**Extracted material**
--- START ---
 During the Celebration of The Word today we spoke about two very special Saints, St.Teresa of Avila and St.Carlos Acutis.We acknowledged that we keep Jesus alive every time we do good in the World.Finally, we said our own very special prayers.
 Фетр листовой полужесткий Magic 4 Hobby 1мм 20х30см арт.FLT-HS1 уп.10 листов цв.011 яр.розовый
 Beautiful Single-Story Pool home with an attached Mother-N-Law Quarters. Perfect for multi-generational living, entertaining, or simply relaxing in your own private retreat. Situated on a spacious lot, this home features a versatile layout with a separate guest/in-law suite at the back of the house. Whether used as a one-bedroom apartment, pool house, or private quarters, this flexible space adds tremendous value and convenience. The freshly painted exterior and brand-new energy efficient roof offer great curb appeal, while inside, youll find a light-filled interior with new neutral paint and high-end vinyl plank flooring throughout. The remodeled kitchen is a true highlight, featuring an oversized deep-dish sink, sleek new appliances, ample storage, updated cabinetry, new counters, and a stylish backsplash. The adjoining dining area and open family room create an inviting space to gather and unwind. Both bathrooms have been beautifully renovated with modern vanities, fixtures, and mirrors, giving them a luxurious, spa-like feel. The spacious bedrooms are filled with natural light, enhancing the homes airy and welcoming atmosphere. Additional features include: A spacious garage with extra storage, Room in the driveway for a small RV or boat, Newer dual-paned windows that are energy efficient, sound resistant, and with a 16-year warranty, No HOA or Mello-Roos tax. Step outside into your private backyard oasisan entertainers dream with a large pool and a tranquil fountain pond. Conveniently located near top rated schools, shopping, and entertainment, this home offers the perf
--- END ---
--- START ---
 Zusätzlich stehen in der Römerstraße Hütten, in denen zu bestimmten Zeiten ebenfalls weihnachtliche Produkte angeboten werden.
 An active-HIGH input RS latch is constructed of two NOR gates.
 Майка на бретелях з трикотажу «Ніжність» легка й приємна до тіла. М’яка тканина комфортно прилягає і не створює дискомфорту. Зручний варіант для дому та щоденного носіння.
--- END ---
--- START ---
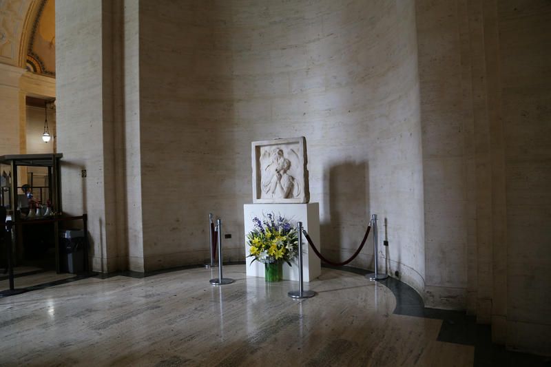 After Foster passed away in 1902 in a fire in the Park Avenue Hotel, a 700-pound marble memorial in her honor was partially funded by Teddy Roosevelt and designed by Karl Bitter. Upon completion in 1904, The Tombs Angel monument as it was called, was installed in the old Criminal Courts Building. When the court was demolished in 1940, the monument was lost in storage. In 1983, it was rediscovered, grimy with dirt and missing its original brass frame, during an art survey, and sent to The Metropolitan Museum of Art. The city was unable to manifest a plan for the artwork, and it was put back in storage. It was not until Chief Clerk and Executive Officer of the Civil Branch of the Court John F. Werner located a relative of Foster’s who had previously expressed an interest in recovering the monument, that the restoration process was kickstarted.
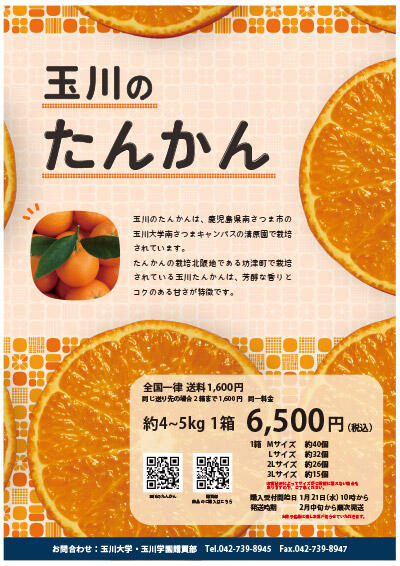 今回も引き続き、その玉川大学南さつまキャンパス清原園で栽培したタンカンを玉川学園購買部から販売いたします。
--- END ---
**Exercise**
Reproduce exactly the section above that begins at the line containing "During the Celebration" and ends at the line containing "Фетр листовой полужесткий", leaving out all other lines.

**Reply**
 During the Celebration of The Word today we spoke about two very special Saints, St.Teresa of Avila and St.Carlos Acutis.We acknowledged that we keep Jesus alive every time we do good in the World.Finally, we said our own very special prayers.
 Фетр листовой полужесткий Magic 4 Hobby 1мм 20х30см арт.FLT-HS1 уп.10 листов цв.011 яр.розовый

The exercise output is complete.